§ Task brief: Please retype exactly the lines from the one containing "Посмотрели сначала мультфильм" through the end of the records, leaving out the pictures.

§ Supplied material:
------------------------------------

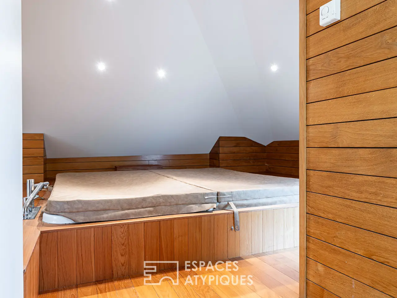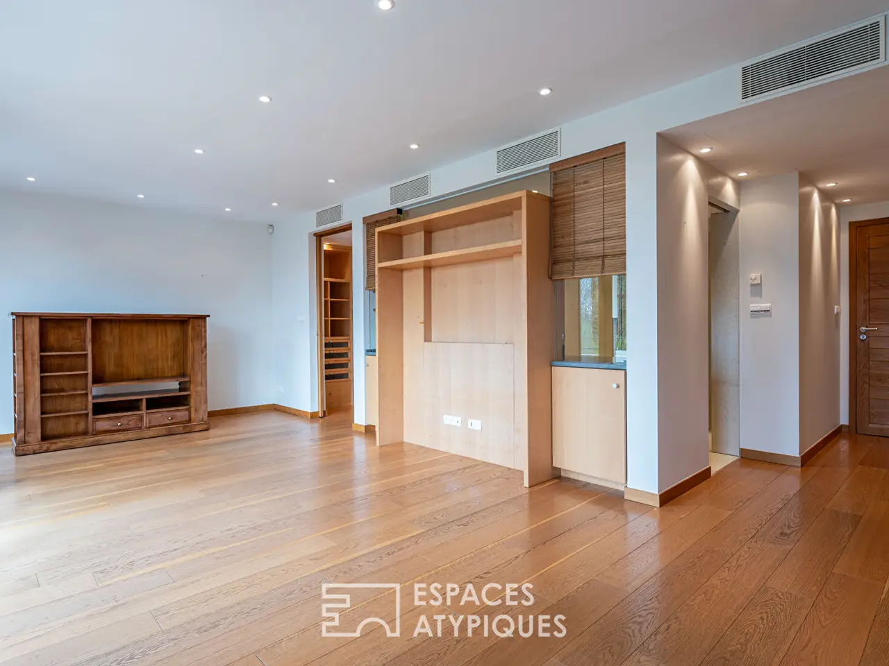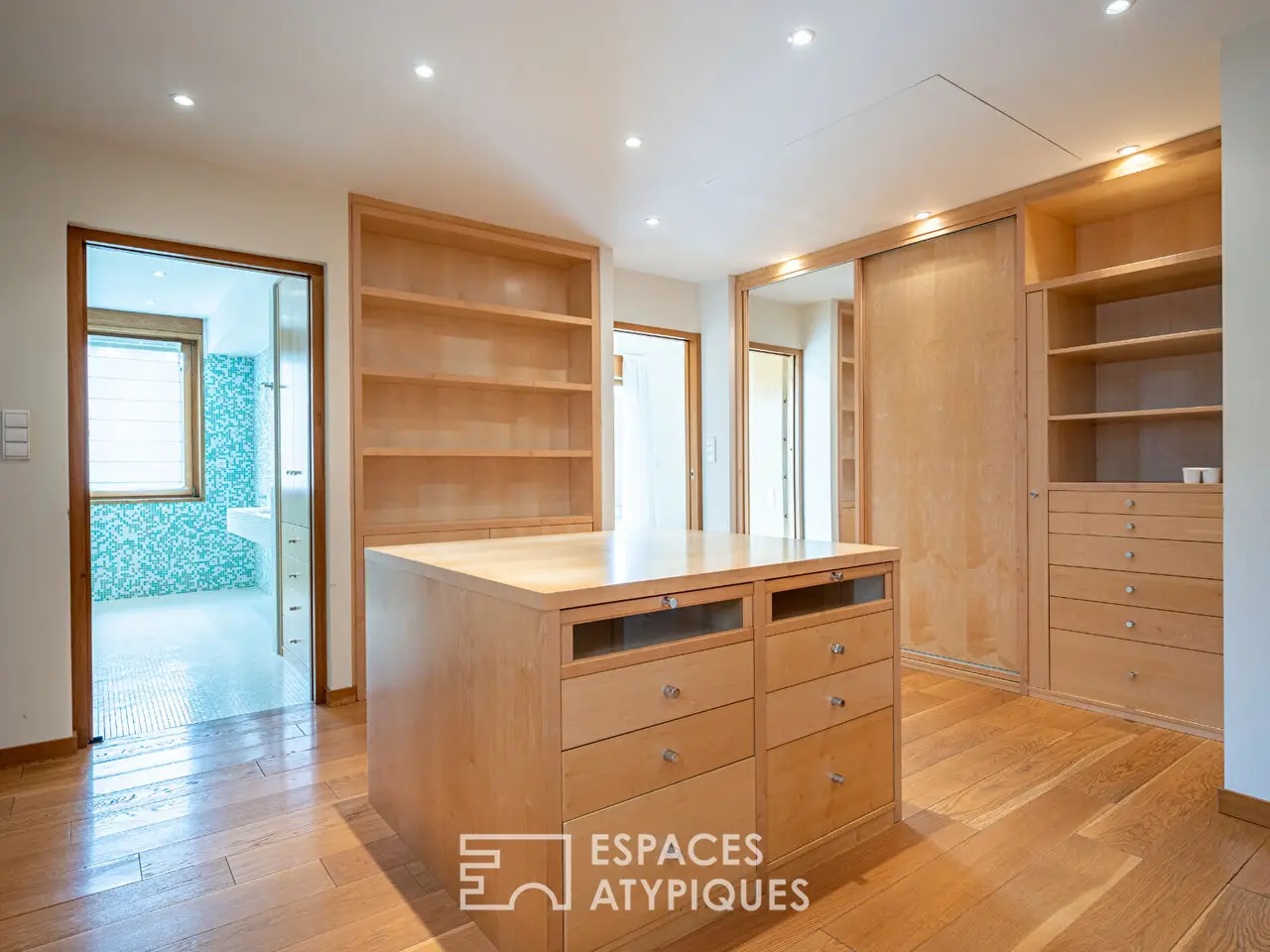 Architect-Designed House with Swimming PoolNestled in a preserved environment near Saint-Genix-sur-Guiers, this architect-designed property of approximately 600 m2 blends harmoniously into a private estate of about 4.5 hectares.Designed to offer generous spaces and abundant natural light, it features high-end amenities, including an elevator, a pool house, and numerous outbuildings. Its fluid layout and multiple relaxation areas make it a truly exceptional property.Upon entering, a vast hall sets the tone and leads to a living room with an open fireplace, a dining room adjoining a fully equipped kitchen with a pantry, and a cozy, more intimate lounge. A study with a mezzanine, as well as a bedroom with a dressing room and en-suite bathroom, complete this level.Upstairs, the night area consists of three bedrooms with private bathrooms, an office, and a refined master suite featuring two dressing rooms and an elegant bathroom.The top floor, entirely dedicated to well-being, offers a relaxation space with a jacuzzi, a rest area, and a shower.The basement houses a cinema room, a music room, a wine cellar, and a photography lab, along with an underground garage accessible via a tunnel.The outdoor setting is enchanting, with lush greenery and a peaceful ambiance, where multiple terraces provide privacy and serenity. A swimming pool with a fully equipped pool house enhances the enjoyment of warm days.Several outbuildings totaling nearly 500 m2 complete the estate, including garages, an orangery, wood storage areas, and technical and storage facilities.Just minutes from amenities, schools, and major roads, this property offers an exceptional living environment where nature and contemporary architecture blend seamlessly.ENERGY CLASS: D / CLIMATE CLASS: DEstimated average annual energy costs for standard use, based on 2021 energy prices: between €6,060 and €8,240.REF. 1938EAAdditional information* 24 rooms* 5 bedrooms* 4 bathrooms* 2 shower rooms* Outdoor space : 45695 SQM* Parking : 10 parking spaces* Property tax : 6 421 €Energy Performance CertificatePrimary energy consumptiond : 131 kWh/m2.yearHigh performance housing*A*B*C*131kWh/m2.year37*kg CO2/m2.yearD*E*F*GExtremely poor housing performance* Of which greenhouse gas emissionsd : 37 kg CO2/m2.yearLow CO2 emissions*A*B*C*37kg CO2/m2.yearD*E*F*GVery high CO2 emissionsEstimated average amount of annual energy expenditure for standard use, established from energy prices for the year 2021 : between 6060 € and 8240 €Agency fees* Fees charged to the purchaser : 80 000 €MediatorMediation Franchise-Consommateurswww.mediation-franchise.com29 Boulevard de Courcelles 75008 ParisInformation on the risks to which this property is exposed is available on the Geohazards website : www.georisques.gouv.fr
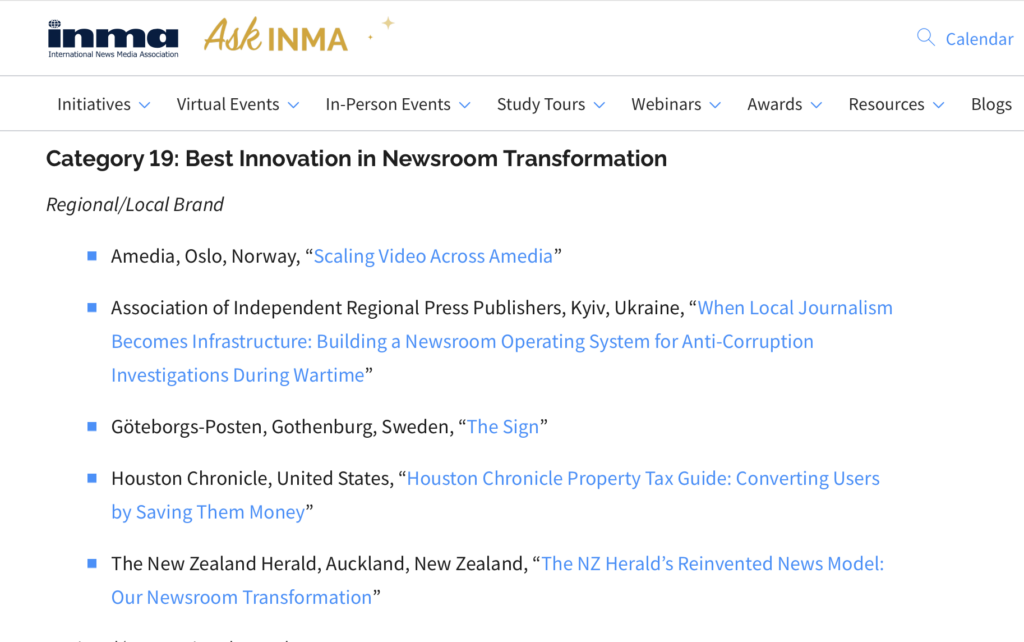 INMA Global Media Awards — одна з найстаріших і найавторитетніших нагород у медіасфері, що вже 89 років відзначає інновації у журналістиці, розвитку авдиторій, редакційних продуктах і трансформації новинних організацій. Цьогоріч до фіналу увійшли проєкти з Африки, Азійсько-Тихоокеанського регіону, Європи, Латинської та Північної Америки, а також і України, що, вважаємо, є надзвичайно важливо для нас.
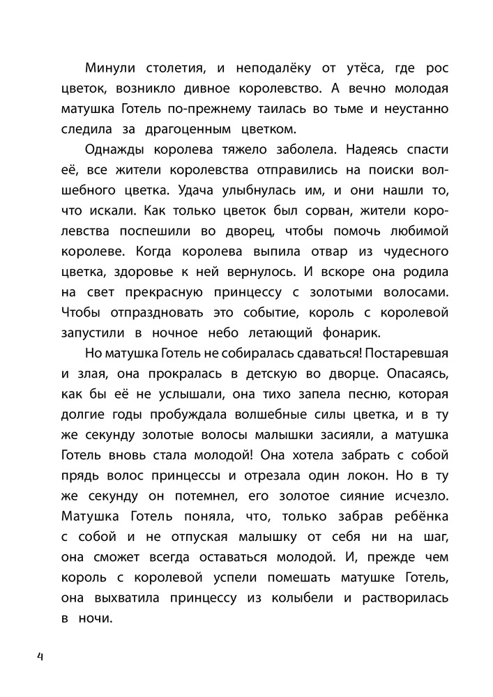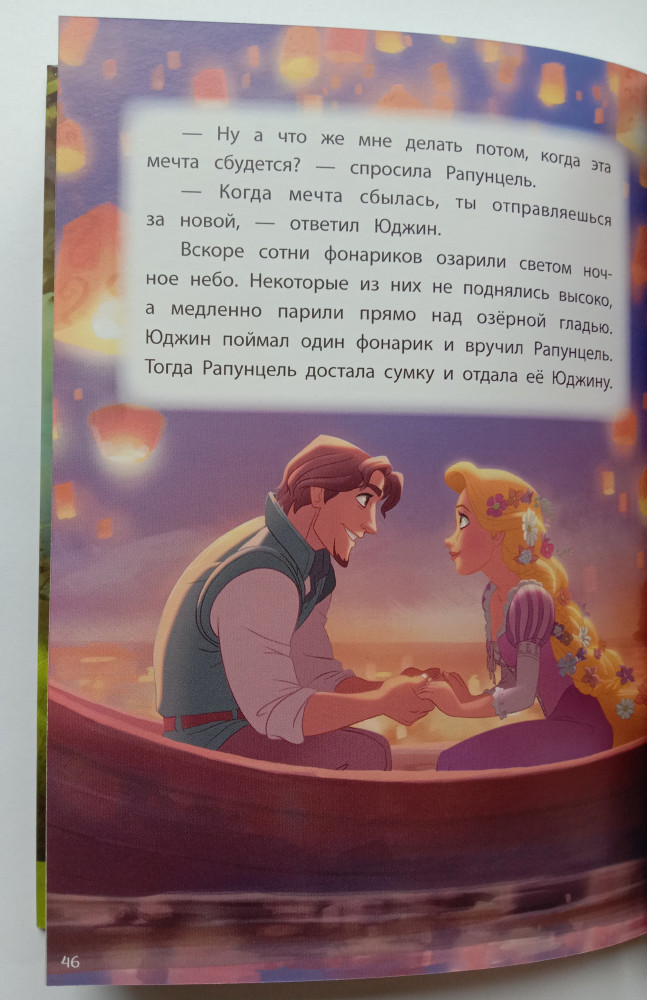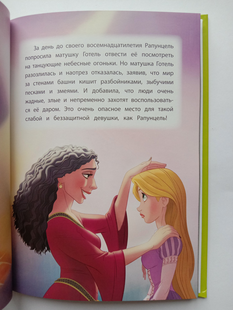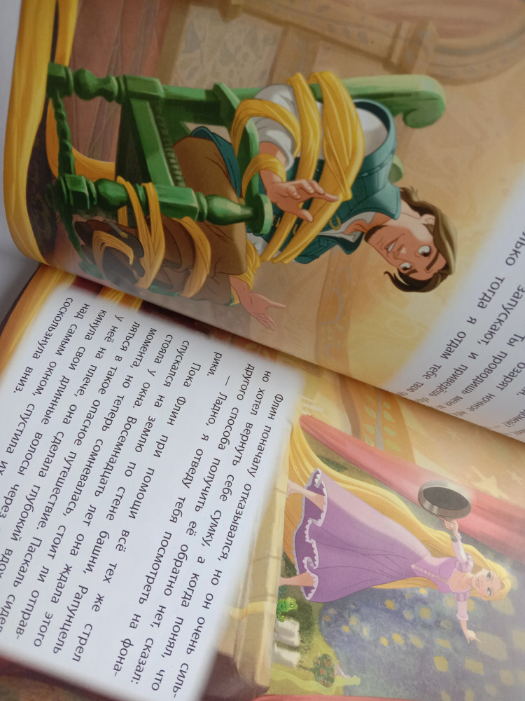 Посмотрели сначала мультфильм "Рапунцель" и решили купить сказку о ней. Сюжет такой же как и в мультике 🙂👍
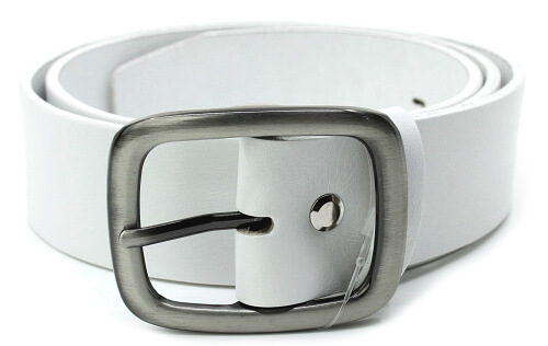 Dámský kožený opasek v bílé barvě o šířce 37 milimetrů.
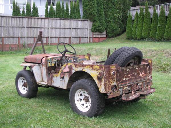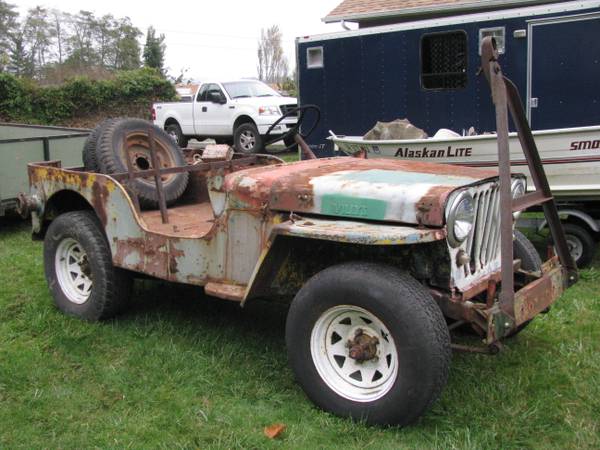 “1947 Willys Jeep CJ2A. We don’t know much about it. We were told it runs but the starter is weak. It’s just more of a project than we are ready for. Clear title. As is. The tow bar works good and fit’s a 2″ ball.”

------------------------------------

§ Answer to the exercise:
 Посмотрели сначала мультфильм "Рапунцель" и решили купить сказку о ней. Сюжет такой же как и в мультике 🙂👍
 Dámský kožený opasek v bílé barvě o šířce 37 milimetrů.
 “1947 Willys Jeep CJ2A. We don’t know much about it. We were told it runs but the starter is weak. It’s just more of a project than we are ready for. Clear title. As is. The tow bar works good and fit’s a 2″ ball.”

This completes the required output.